Is there a chance some of the intermediary steps can be omitted? e.g. toBuffer() called 3 times and png() is used to make the chained commands work even though the format isn't needed. Any tips to improve performance are welcome.

The text was updated successfully, but these errors were encountered:

lovell · 2023-08-24T07:42:00Z

The timings here suggest it's the relatively simple PNG decode to JPG encode roundtrip that is the slowest part.

Given you're using PDF inputs I presume you're also using a globally-installed libvips compiled with support for a PDF library. Choice of PNG and ZLIB libraries will have an impact on PNG decode time, which alternatives have you tried?

As with any performance question, a standalone repo with all code, dependencies and images that allows someone else to reproduce would be useful.

simoami · 2023-08-30T00:08:38Z

@lovell Thanks for the quick reply. I'm new to Sharp and just learning about how to optimize it as I take over some existing customer code. We have an image processing service (that spins up child processes to process queue jobs). The service keeps restarting when processing large files using the composite chain of command I shared above, with 30 page docs and above. The cluster detects service becoming unresponsive and spins up a new one in its place. I have yet to monitor and conclude it it's a cpu or memory spike. I'm leaning towards the second. Also, The service's dockerfile doesn't have libvips explicitly installed. This runs on generic EC2 instances in AWS via EKS if that's of interest to you. Also I see examples of docker files with SHARP_IGNORE_GLOBAL_LIBVIPS=1 but I don't know where to read more about it and if it's advised.

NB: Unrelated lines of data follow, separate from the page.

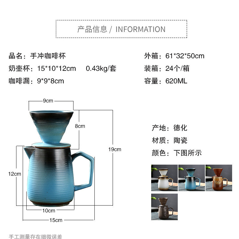 | Color | Coffee filter funnel-White,Coffee filter funnel-Blue,Coffee filter funnel-rust,Coffee filter funnel-earthy,Coffee filter pot-White,Coffee filter pot-Blue,Coffee filter pot-rust,Coffee filter pot-earthy yellow,Coffee filter pot + funnel-White,Coffee filter pot + funnel blue,Coffee filter pot + funnel-rust,Coffee filter pot + funnel-yellow |
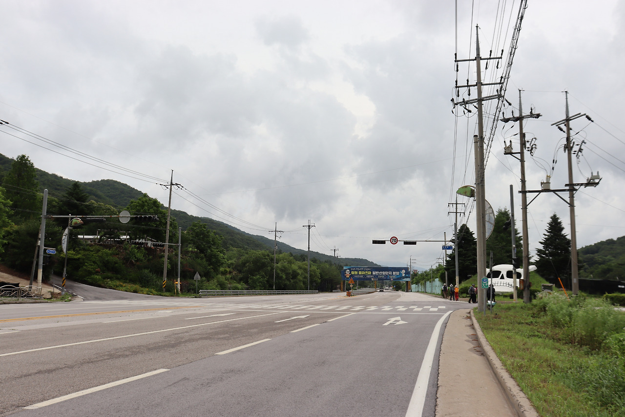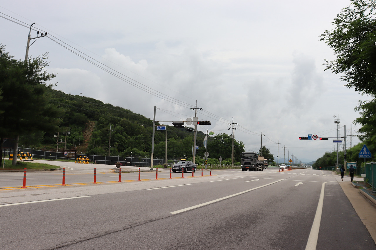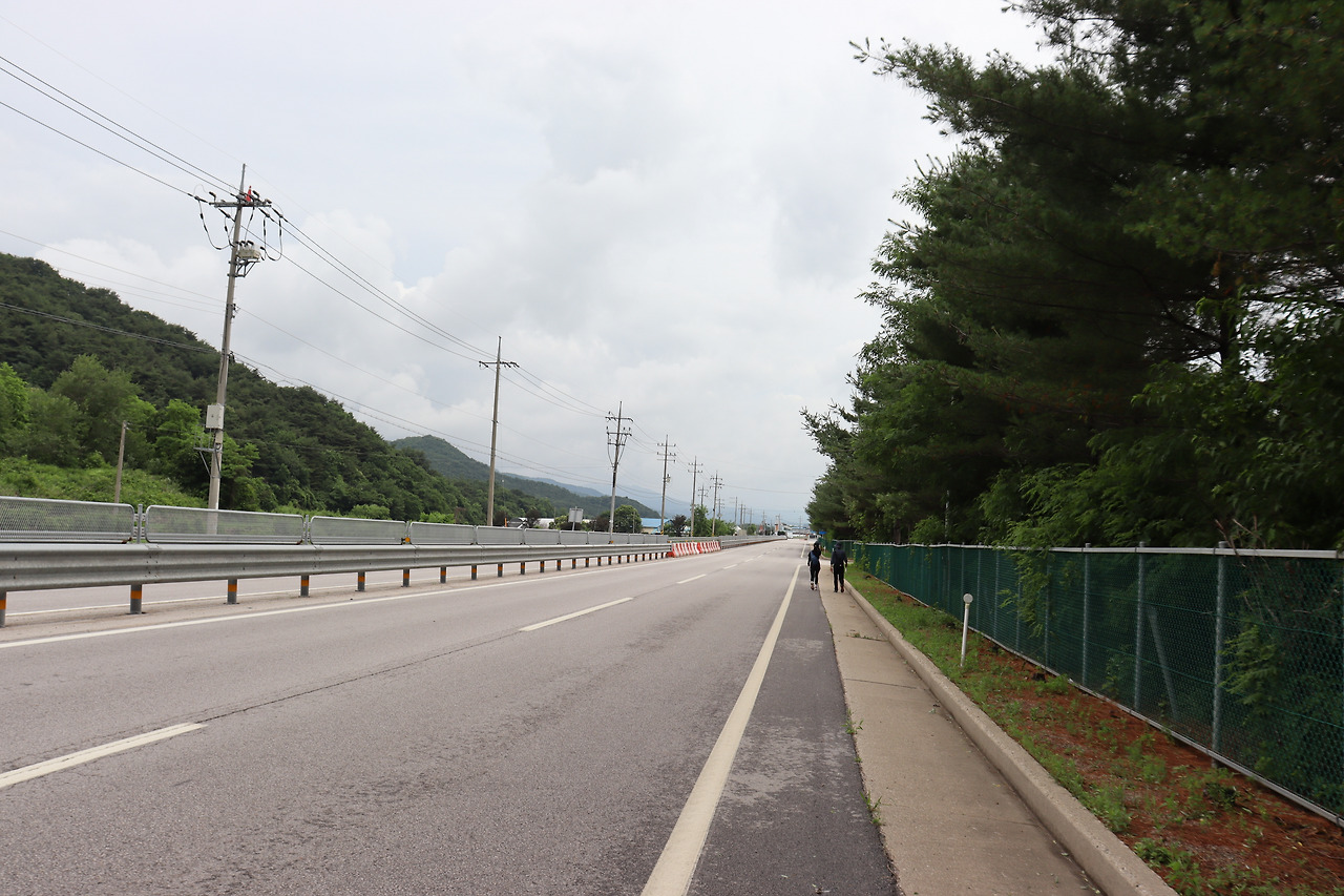 ▼ 이후부터는 4차선인 ‘호국로(국도 43호선)’를 따라간다. 길이 널찍해서인지 오가는 차량들이 하나같이 씽씽 달려댄다. 그런데도 흰색 페인트선 하나로 차도와 인도가 구분되어 있을 따름이다. 목숨을 담보로 걸을 수도 있겠다는 얘기다. 한국관광공사에서 버스로 이동하라고 권했던 이유이지 싶다.
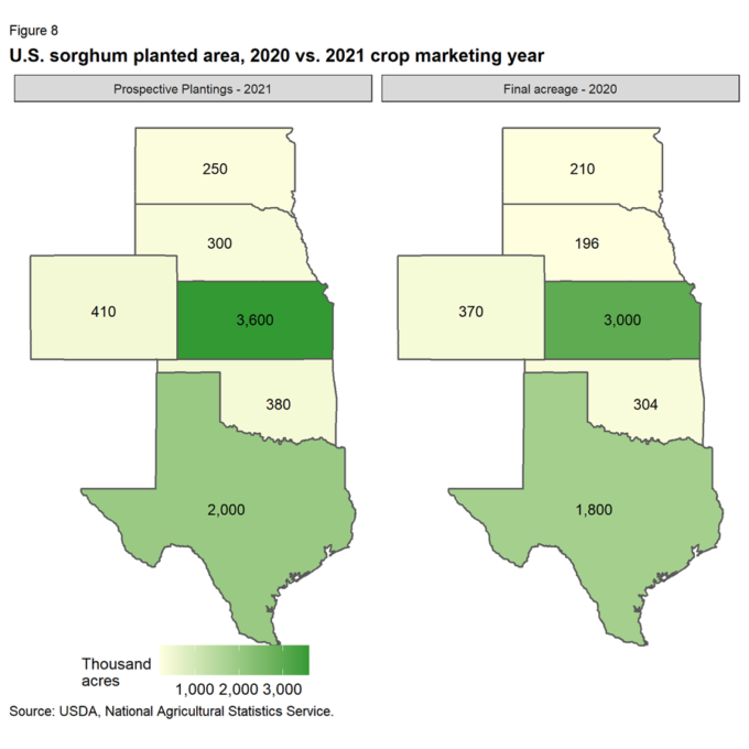 Согласно прогнозу, производство сорго в США в 2021/22 году составит 427 миллионов бушелей по сравнению с 373 миллионами бушелей в предыдущем году. NASS сообщило, что производители планируют засеять 6,9 миллиона акров сорго, что на 18 процентов больше, чем в 2020/21 году. Сообщалось о намерениях по увеличению посевов во всех основных штатах-производителях сорго, включая два крупнейших штата-производителя — Канзас и Техас. Прогнозы урожайности сорго на 2021/22 год основаны на 20-летнем среднем показателе в 68,9 бушелей с акра, что ниже уровня прошлого года, составлявшего 73,2 бушеля с акра.
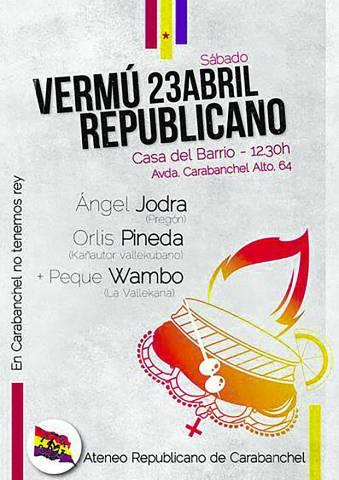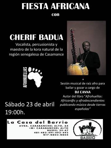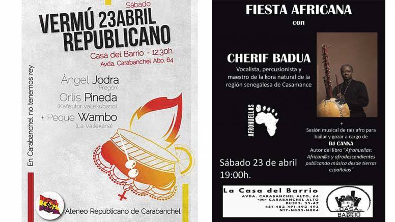 Desde la Casa del Barrio (avenida de Carabanchel Alto, 64) nos llegan dos planes para el sábado 23 de abril. En primer lugar, a partir de las 12:30, el Ateneo Republicano de Carabanchel ha organizado allí un Vermú republicano, que además de lo que el propio nombre del evento indica contará con lectura de pregón a cargo de Ángel Jodra y la actuación de Orlis Pineda (kañautor vallekubano) y Peque Wambo (La Vallekana). Y por la tarde-noche, fiesta africana a partir de las 19:00 con Cherif Badua, vocalista, percusionista y maestro de la kora natural de la región senegalesa de Casamance. Para terminar la fiesta bien arriba, habrá sesión musical de raíz afro para bailar y gozar a cargo de DJ Canna, autor del libro Afrohuellas: african@s y afrodescendientes publicando música desde tierras españolas.
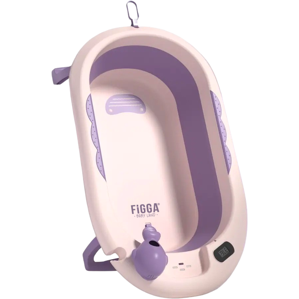 Cadita bebe FiGGA®, 0-48 luni, pliabila, termometru, picioare antiderapante, cana pentru clatire tip jucarie, suport cap de dus, suport pentru sapun, Roz

lovell · 2023-09-27T08:29:47Z

@simoami Were you able to make any progress with this?

simoami · 2023-09-28T17:21:29Z

Hi @lovell yes, and sorry for the last email lacking focus. The PDF to image conversion I wish to implement needs to scale up to hundreds of concurrent uses. To that effect, I started working on a process that limits memory usage by using the file system when the number of pages is above a predefined threshold.

Conversion Workflow:

I will post the code and profiling charts shortly.

simoami · 2023-09-28T18:48:22Z

@lovell Below is the code I wrote to implement the process workflow in my previous comment and corresponding cpu/memory profiles (ran on Mac M2 Max 32Gb). The memory based process takes ~ 14s, while the file system based process takes ~19s .
The first steps of the process (items 1,2,5) are handled by another library pdfjs-dist as I couldn't find any pdf specific apis in Sharp.

Timing breakdown for memory based processing:

pdfToPages: 8.768s
_getMaxWidth: 0.036ms
_resizeImages: 2.392s
_getTotalHeight: 0.034ms
sharp.composite.raw.toBuffer: 2.128s
sharp.resize.jpeg.toFile: 2.266ms

Timing breakdown for the file-based processing:

pdfToPages: 9.215s
_getMaxWidth: 0.046ms
_resizeImages: 3.154s
_getTotalHeight: 0.123ms
sharp.composite.raw.toBuffer: 4.651s
sharp.resize.jpeg.toFile: 1.494ms

Follow-up questions:

Does sharp have the ability to resize a collection of images to a specific width and then concatenate them by stacking them on top of each other all in one chained execution? and
potentially also limiting the max width and height to a specified value to allow for jpg exports?
is it possible for Sharp to stream operation in order to reduce memory usage and disk io?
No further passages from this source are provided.